# EXERCISE:
Write the data out in full and word for word. Do not include images.

# STORED DATA:

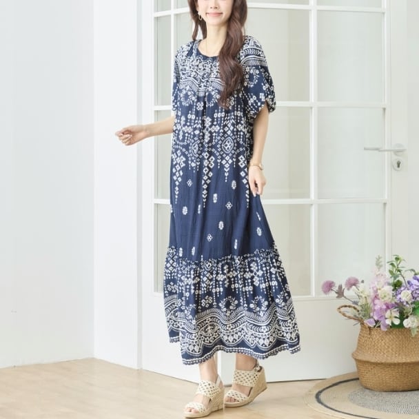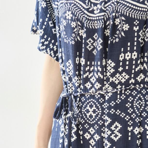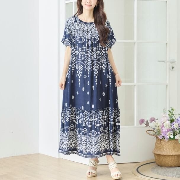 ティアードワンピース 総柄 ロングワンピース ウエスト紐ベルト付き 半袖 フレア N82-683 ネイビー TRUBE ミセス M L 体型カバー fmsd ゆったり 上品 ミセス 春夏 エレガント リゾート
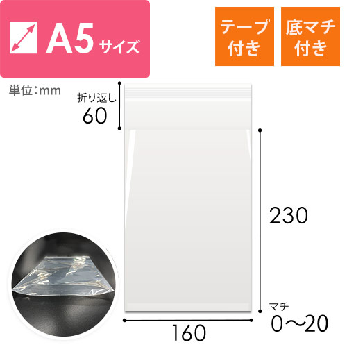 | サイズ | 幅160×長さ230×底マチ20+折り返し60mm |
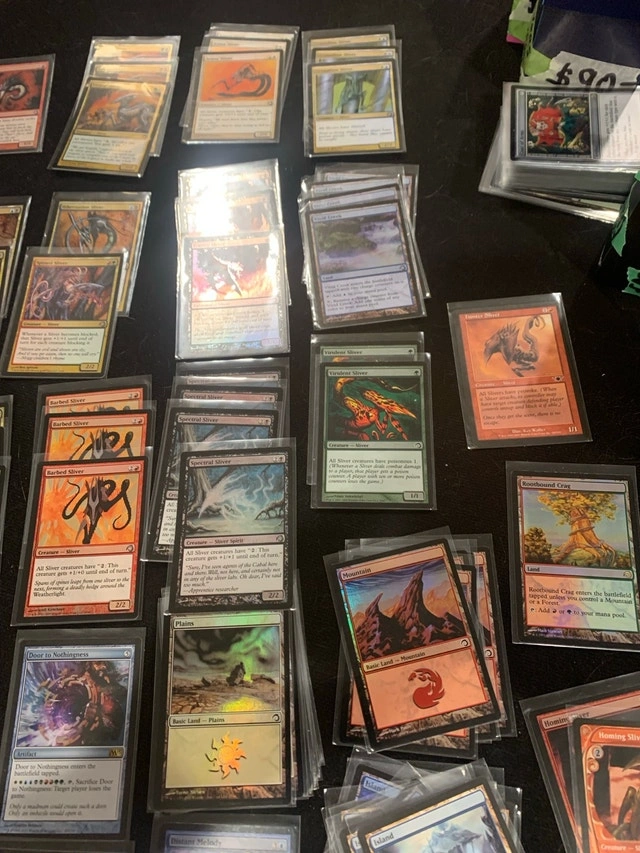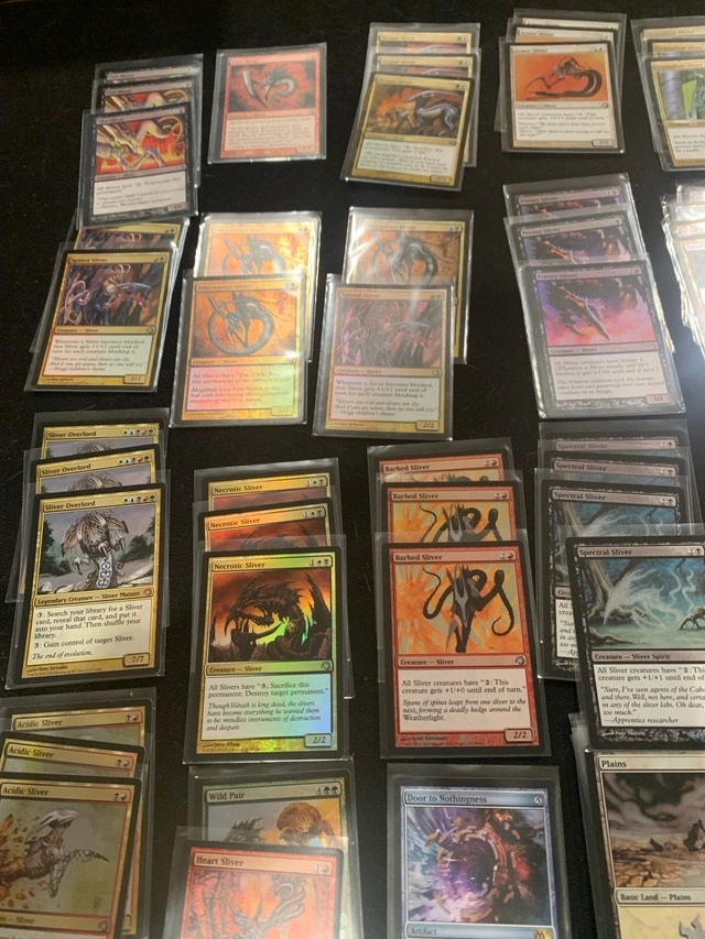 Dive into a treasure trove of Magic: The Gathering history with this massive collection of Super Slivers! These cards have seen some action, making them used but still ready to dominate your next game night. Perfect for collectors and players alike. Ask yourself how did he get 4 of each SLIVER? I bought FOUR SETS! And I’m not kitten. ⬛ The value comes from eBay closed sales and Karrot. If the ad is still up, these Sliver cards are available!

# REPLY:
 ティアードワンピース 総柄 ロングワンピース ウエスト紐ベルト付き 半袖 フレア N82-683 ネイビー TRUBE ミセス M L 体型カバー fmsd ゆったり 上品 ミセス 春夏 エレガント リゾート
 | サイズ | 幅160×長さ230×底マチ20+折り返し60mm |
 Dive into a treasure trove of Magic: The Gathering history with this massive collection of Super Slivers! These cards have seen some action, making them used but still ready to dominate your next game night. Perfect for collectors and players alike. Ask yourself how did he get 4 of each SLIVER? I bought FOUR SETS! And I’m not kitten. ⬛ The value comes from eBay closed sales and Karrot. If the ad is still up, these Sliver cards are available!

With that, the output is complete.